Pause déjeuner à 12 h 45. Arrivés à destination, pause d’une heure, la station est couverte de neige. Les fumeurs sortent griller leur sèche. Preity se repose. On se dégourdit un peu les jambes. Redémarrage du train. On se remet en place pour endosser notre rôle de voyageur. On se lève pour tourner une arrivée, on enfile nos vestes et écharpes 4 ou 5 fois. Pause. Je sors et je reviens, me trouve une place pas trop loin de la porte. Preity avec un joli béret demande la traduction d’un article d’un magazine féminin du mois de janvier. Je me propose mais les régisseurs m’ignorent superbement. Problème : sortis de leur vocabulaire technique, ils sont incapables de lui traduire correctement des termes plus journalistiques. On demande qui peut traduire : "Je peux traduire, cher monsieur !", dis–je de façon assez sonore (Non ! Mais !). Et Preity s’installe à côté de moi, je reste debout penchée sur l’article et j’essaie de traduire aussi vite que possible. Elle est attentive, ne fait aucun commentaire. Je lui demande si on lui a proposé d’écrire sa biographie, elle me répond qu’elle a toujours refusé.

On l’appelle pour tourner, pas possible de continuer. Alors là, c’était vraiment génial. J’ai traduit un article français à Preity Zinta. Comme le tournage reprend, je m’adosse au siège et j’échange un regard avec Gayané. Je me pince les lèvres en souriant ! "Je l’ai fait ! c’est vraiment un moment formidable !" Je ne l’oublierai pas ! Le tournage tire à sa fin pour les figurants, il n’y a presque plus besoin de nous, on va se détendre dans un autre wagon.

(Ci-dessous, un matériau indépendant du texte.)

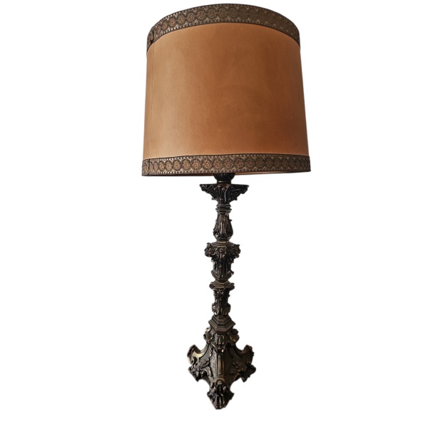 • Tocheiro entalhado em resina patinado na cor bronze, antiga cúpula em pergaminho, Alt. 100 cm.

Sur le quai de la gare, Isabelle nous rejoint. On parvient à demander Preity pour une photo, excepté que la personne chargée de nous photographier nous a filmées. Trop sombre pour être utilisée. Dommage ! On suit rapidement Preity jusqu’à sa voiture. Catherine (revenue d’Inde entre-temps) traverse la gare en courant pour nous retrouver et elle a juste le temps de la voir monter dans la voiture. Nous n’essayons pas de la retenir car la journée a été hyper-intense, elle est trop fatiguée. Nous agitons nos mains en "au revoir" et envoyons des baisers, elle répond de même. Elle baisse sa vitre, et me dit : "You’re wonderful !" Je réponds : "You’re great !" Elle a compris qu’on s’est dépêché de la suivre à quatre, alors qu’on était trois sur le quai. Elle s’éloigne dans sa berline noire ! La journée est terminée, que d’émotions et de sentiments nouveaux ! Une semaine riche en surprises et rencontres inattendues. Tout le monde est ravi !

Brigitte


Je ne peux pas donner de détails précis sur les lieux, etc. car la production préfère rester discrète. Il était interdit de photographier sur le tournage.